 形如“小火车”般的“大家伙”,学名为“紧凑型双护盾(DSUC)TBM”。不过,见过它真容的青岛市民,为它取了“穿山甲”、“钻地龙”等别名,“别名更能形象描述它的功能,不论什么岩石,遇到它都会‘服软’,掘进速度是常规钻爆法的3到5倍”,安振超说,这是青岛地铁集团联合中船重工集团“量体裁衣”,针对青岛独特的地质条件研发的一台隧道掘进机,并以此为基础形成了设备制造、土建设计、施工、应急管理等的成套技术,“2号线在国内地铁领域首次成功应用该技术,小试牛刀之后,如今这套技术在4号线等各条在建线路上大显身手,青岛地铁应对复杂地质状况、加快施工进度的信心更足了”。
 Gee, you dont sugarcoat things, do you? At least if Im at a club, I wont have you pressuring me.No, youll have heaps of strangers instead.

* * *

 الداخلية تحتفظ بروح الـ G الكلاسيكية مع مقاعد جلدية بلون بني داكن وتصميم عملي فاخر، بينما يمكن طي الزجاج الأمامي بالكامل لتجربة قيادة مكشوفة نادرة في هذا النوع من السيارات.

...

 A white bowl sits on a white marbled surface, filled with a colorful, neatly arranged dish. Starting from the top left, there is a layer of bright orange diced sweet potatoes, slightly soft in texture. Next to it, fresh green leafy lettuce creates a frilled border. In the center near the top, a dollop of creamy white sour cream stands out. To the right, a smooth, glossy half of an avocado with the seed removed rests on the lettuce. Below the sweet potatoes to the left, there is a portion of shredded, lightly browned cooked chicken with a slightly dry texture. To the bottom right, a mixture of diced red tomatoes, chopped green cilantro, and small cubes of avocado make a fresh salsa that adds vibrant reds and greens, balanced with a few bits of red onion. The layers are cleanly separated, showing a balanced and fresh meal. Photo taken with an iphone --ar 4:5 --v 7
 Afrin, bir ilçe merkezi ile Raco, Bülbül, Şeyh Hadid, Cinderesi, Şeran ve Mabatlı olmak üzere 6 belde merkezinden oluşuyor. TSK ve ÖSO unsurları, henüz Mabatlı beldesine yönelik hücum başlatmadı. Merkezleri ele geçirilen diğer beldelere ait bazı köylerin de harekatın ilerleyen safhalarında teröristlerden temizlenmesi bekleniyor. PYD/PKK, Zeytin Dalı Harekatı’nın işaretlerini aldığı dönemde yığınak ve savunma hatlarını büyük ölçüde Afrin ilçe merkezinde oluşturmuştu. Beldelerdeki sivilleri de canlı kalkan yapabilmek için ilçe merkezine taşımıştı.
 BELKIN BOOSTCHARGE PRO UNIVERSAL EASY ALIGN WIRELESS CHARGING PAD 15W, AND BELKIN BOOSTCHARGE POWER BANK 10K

**HOW TO COMPLETE THIS TASK**
From the entries above, extract only the lines running from the one containing "Afrin, bir ilçe" through the one containing "BELKIN BOOSTCHARGE PRO", inclusive.

**ANSWER BOX**
 Afrin, bir ilçe merkezi ile Raco, Bülbül, Şeyh Hadid, Cinderesi, Şeran ve Mabatlı olmak üzere 6 belde merkezinden oluşuyor. TSK ve ÖSO unsurları, henüz Mabatlı beldesine yönelik hücum başlatmadı. Merkezleri ele geçirilen diğer beldelere ait bazı köylerin de harekatın ilerleyen safhalarında teröristlerden temizlenmesi bekleniyor. PYD/PKK, Zeytin Dalı Harekatı’nın işaretlerini aldığı dönemde yığınak ve savunma hatlarını büyük ölçüde Afrin ilçe merkezinde oluşturmuştu. Beldelerdeki sivilleri de canlı kalkan yapabilmek için ilçe merkezine taşımıştı.
 BELKIN BOOSTCHARGE PRO UNIVERSAL EASY ALIGN WIRELESS CHARGING PAD 15W, AND BELKIN BOOSTCHARGE POWER BANK 10K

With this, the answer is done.